I haven’t investigated the current composition of the Pennsylvania Supreme Court, but it is hard to imagine how any group of judges could come to a different decision on the merits of Mumia’s appeal. He was guilty, and was shown to be so beyond any reasonable doubt. Still, in the era of Only Black Lives Matter, the extreme politicization of Mumia’s case raises the possibility that he may have the last laugh. Mumia Abu-Jamal might live out his days as a wealthy celebrity, highly paid to appear on television and lecture to college students, like Angela Davis. A liberal Supreme Court might think that advantage is to be gained by bending to the current political winds.

The most benign way of viewing this development is as an illustration of the liberal belief that due process means endless process.
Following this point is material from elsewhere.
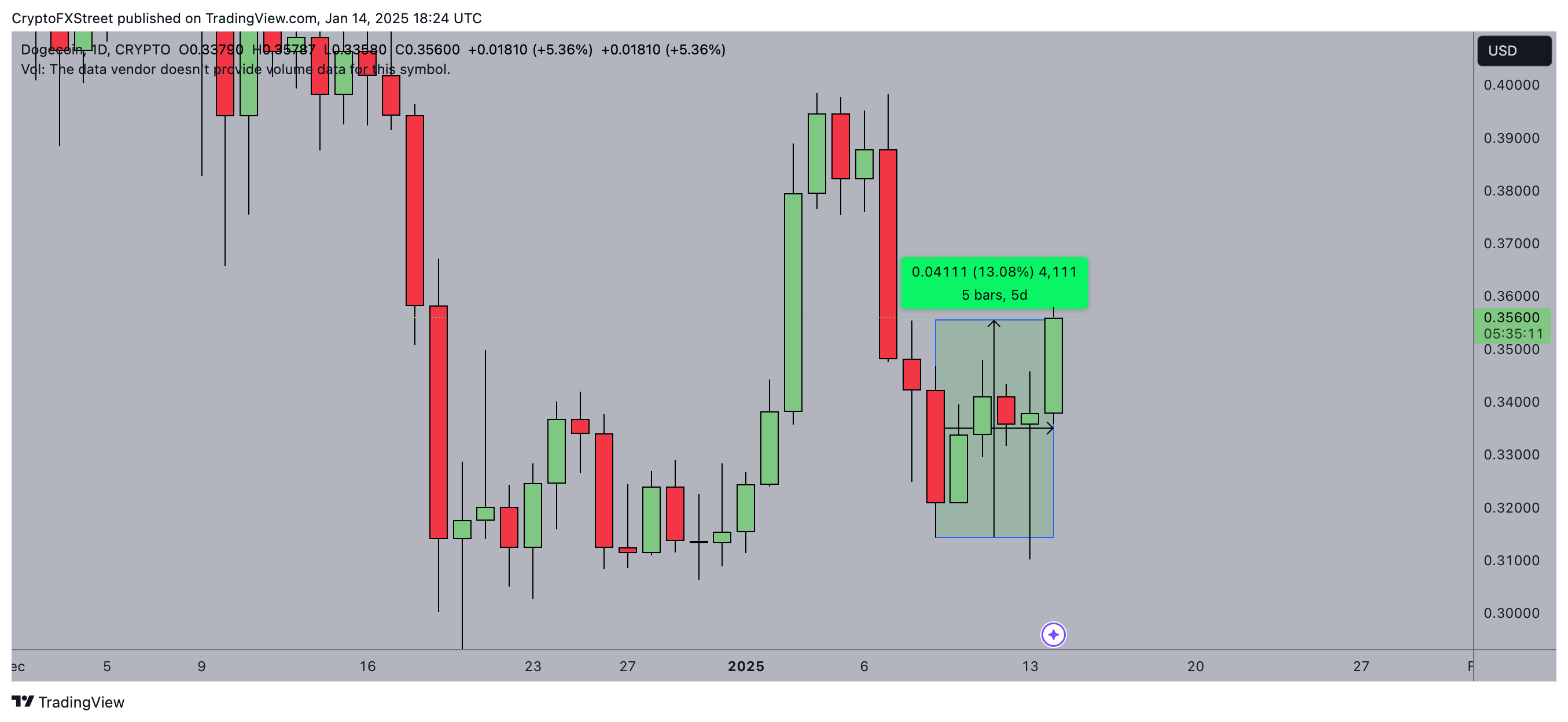 - Con la inauguración de Trump a una semana de distancia, DOGE parece estar preparado para más alzas mientras los especuladores alcistas dominan.

But liberals never seem to consider those who are on the other end of perpetual judicial process. Daniel Faulkner has been dead, murdered by Cook/Abu Jamal, for 37 years, but his widow has not forgotten him. In October, she had to be removed from Judge Tucker’s courtroom when he announced that he was granting additional time for Abu-Jamal’s appeal:

Maureen Faulkner stood up in court Monday morning and cried out to the judge who had just given her husband’s convicted killer 30 more days to appeal.

“With all due respect, your honor,” Faulkner said to Common Pleas Court Judge Leon Tucker, her voice breaking. “I have another 30 days that I have to go through this pain and suffering?”
***
As sheriff’s officers pulled at the sleeve of her maroon sweater and pleaded with her to calm down, her voice rose toward the judge.
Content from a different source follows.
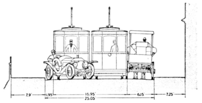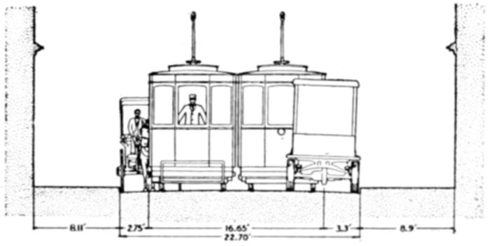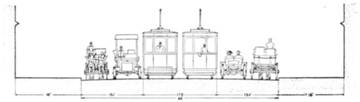 [39] In estimating the gross tonnage, the following average weights were used: a street car with average load—19 tons; a heavy wagon (including team), averaging loaded and empty vehicles—4 tons; a light wagon (including team), averaging loaded and empty vehicles—1.75 tons; an automobile or carriage (including team),—.9 tons; pedestrians and passengers are figured at 150 pounds apiece.

“I’ve been fighting back and forth!”

“Have a seat,” Tucker said.

“I have been fighting!”

“Please remove her from the courtroom,” Tucker said.

After Judge Tucker’s latest order, Maureen Faulkner was quoted from her home in California:

“Does it affect my physically? It does. Am I sick to my stomach? Absolutely. I feel like going and throwing up,” said Maureen Faulkner, the widow of the slain officer.
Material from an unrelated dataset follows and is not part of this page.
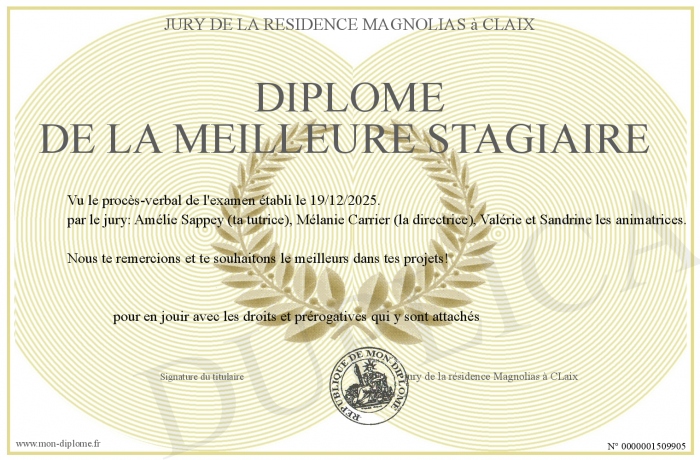 Envoyez par email votre Diplôme de la meilleure stagiaire personalisé

“Jamal may be confined to a prison, but we are in a prison in our own mind, because we never know when we’re going to get telephone calls saying something like we heard last night,” she said on Friday.

Faulkner, who now lives in California, said she has always believed in the principle of “an eye for an eye,” saying she wishes the original sentence of capital punishment had been carried out.

“And that way, 37 years later, you do not have the family members grieving over the loss of a loved one because the case keeps coming up in court and reminding them,” she said.

Liberals unaccountably view Mumia Abu-Jamal, a cold-blooded killer, as a hero. There is a hero in this case, but it isn’t Mumia. Her name is Maureen Faulkner.

UPDATE: From the comments:

I grew up in South Philly and know this story well. When I was a grad student at Arizona State in 2002, I was in line for a nightclub and the kid in front of me was wearing a “Free Mumia” shirt. I asked him what he know about Mumia and he proceeded to explain to me how the police set him up because he was critical of the police and the racist establishment on the radio. I proceeded to explain to him about how the altercation started, how Mumia was found shot, lying right next to Officer Faulkner, and how he was as guilty as sin. It was clear to me this kid had never heard any of the facts as I explained them to him, but his response has stuck with me since and will forever. “Well, he needs to be free to send the message to Bush and the right wingers that their racism will not be tolerated and even if he did it it was in self-defense and justified.”

My buddy saw my face and immediately grabbed me and said “let’s find a place less crowded.” My buddy knew that after I had a few, if I saw this idiot in the bar it was going to be on.

Liberals for the most part know he’s guilty. They don’t care. They want him free because they will love how angry people like me will get. That’s all they care about. And if Trump supporters are angry, all the better.

I think that sums it up pretty well. Bill Ayers’ “Guilty as sin, free as a bird” continues to exemplify liberals’ attitude toward our criminal justice system.